# Desperate



## Teapotty (Jul 22, 2009)

Hi, I have come here asking for advice, if there is any

My daughter had to leave her home and husband and is with us at the moment while she sorts herself out. In his nastiness, he still lives in the house, her husband has come and dumped the cats on us saying that they are my daughter's cats and not his. Well we have two dogs, one of which thinks cats are for eating so we have had to put the cats in the shed whilst daughter finds the cats a home.

It's awful, the cats are becoming withdrawn and I cannot let the dogs in the garden because the one that doesn't like cats just stands at the shed door barking and terrorising the cats inside. One of them has tried digging a hole at the bottom of the door he is so desperate to get out. We have tried so many different phone numbers, with everyone passing a number on to us after telling us they cannot help. I have a couple of numbers to call but they are either permanently engaged or not answered.

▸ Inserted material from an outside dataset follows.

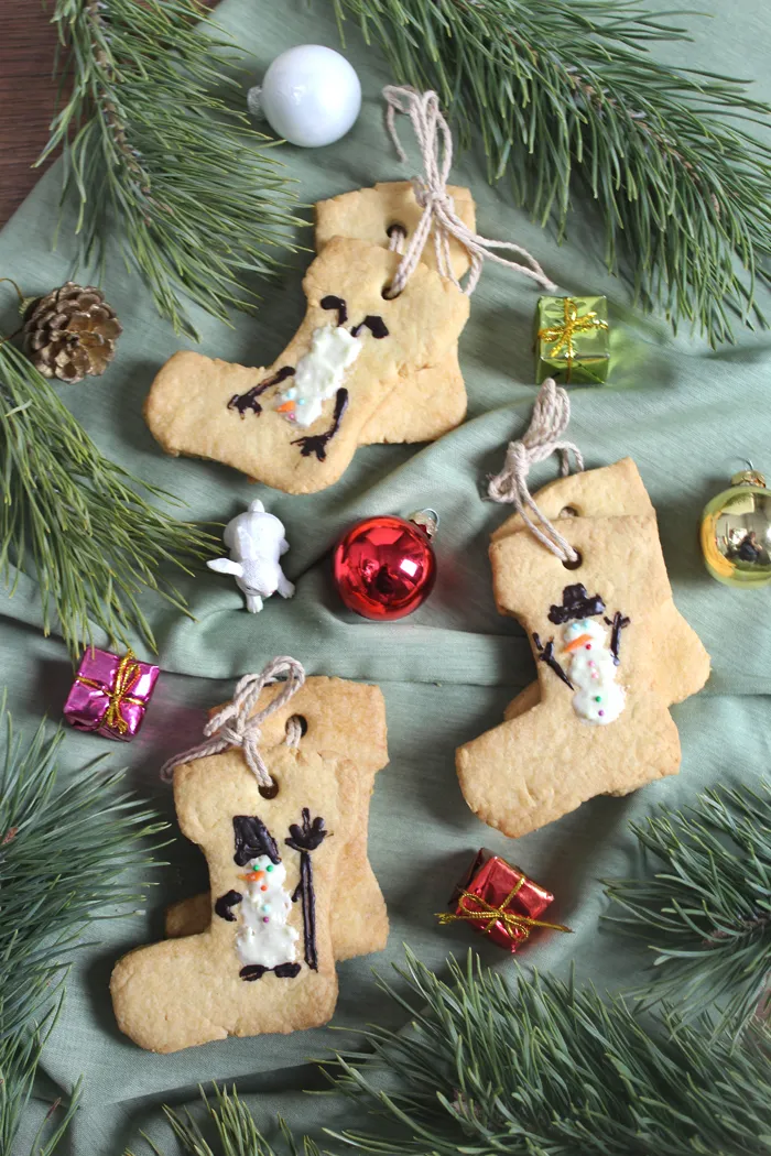 Помните, как здорово было в детстве на зимних каникулах погулять с друзьями во дворе, не смотря на мороз, покататься на санках, на коньках или слепить с друзьями снеговика. Зимы тогда были другие, было морозно, но спасали валенки: тёплые, снег холодный в них был не страшен. Новогодние праздники всегда относят нас хоть ненадолго в то время... Попробуйте испечь такое печенье в виде валенок, украшенных «вышивкой» со снеговиками. Вкусные, ароматные, рассыпчатые, пара таких «валенок» — отличный подарок детям и взрослым на праздник.

I am finding this so upsetting keeping the cats like this but just don't know what else to do


----------



## cherrie_b (Dec 14, 2008)

Hi, where abouts are you?


----------



## Midnight (Jan 17, 2009)

Yes where abouts are you ?


----------



## Teapotty (Jul 22, 2009)

South Wales, North of Swansea. Poor things are still stuck in my shed. The people I _*do*_ actually manage to get hold of, say they cannot take any more in because there are so many kittens around at the moment


----------



## kateaitken07 (Jul 19, 2009)

I would have them in a heartbeat but your too far from me and i dont drive


----------



## kateaitken07 (Jul 19, 2009)

Just checked and its a 3 hour drive!


----------



## Teapotty (Jul 22, 2009)

Aw Kate, bless you for even considering it.


----------



## Midnight (Jan 17, 2009)

Yes i would to but i'm in West Sussex  x it's 4 hours and 50 mins away


----------



## Janee (May 4, 2008)

Have you tried Cardiff rescues

Catwell and Cats protection league - Cardiff is about an hour from Swansea

Cat Rescue Centres and Cats Seeking Homes in Southern Wales

Cat Rescue Centres and Cats Seeking Homes in South West Wales


----------



## Teapotty (Jul 22, 2009)

Thanks, will try Catwell now. Cats protection league in Swansea, say we are not from their area and that we come under Carmarthen, so don't imagine that the one in Cardiff will say anything different.


----------



## Guest (Jul 24, 2009)

Teapotty said:


> Thanks, will try Catwell now. Cats protection league in Swansea, say we are not from their area and that we come under Carmarthen, so don't imagine that the one in Cardiff will say anything different.


Try these numbers

Cats protection in bridgend 01656 724396

or

Maws 01656 653456 (who are a rescue centre)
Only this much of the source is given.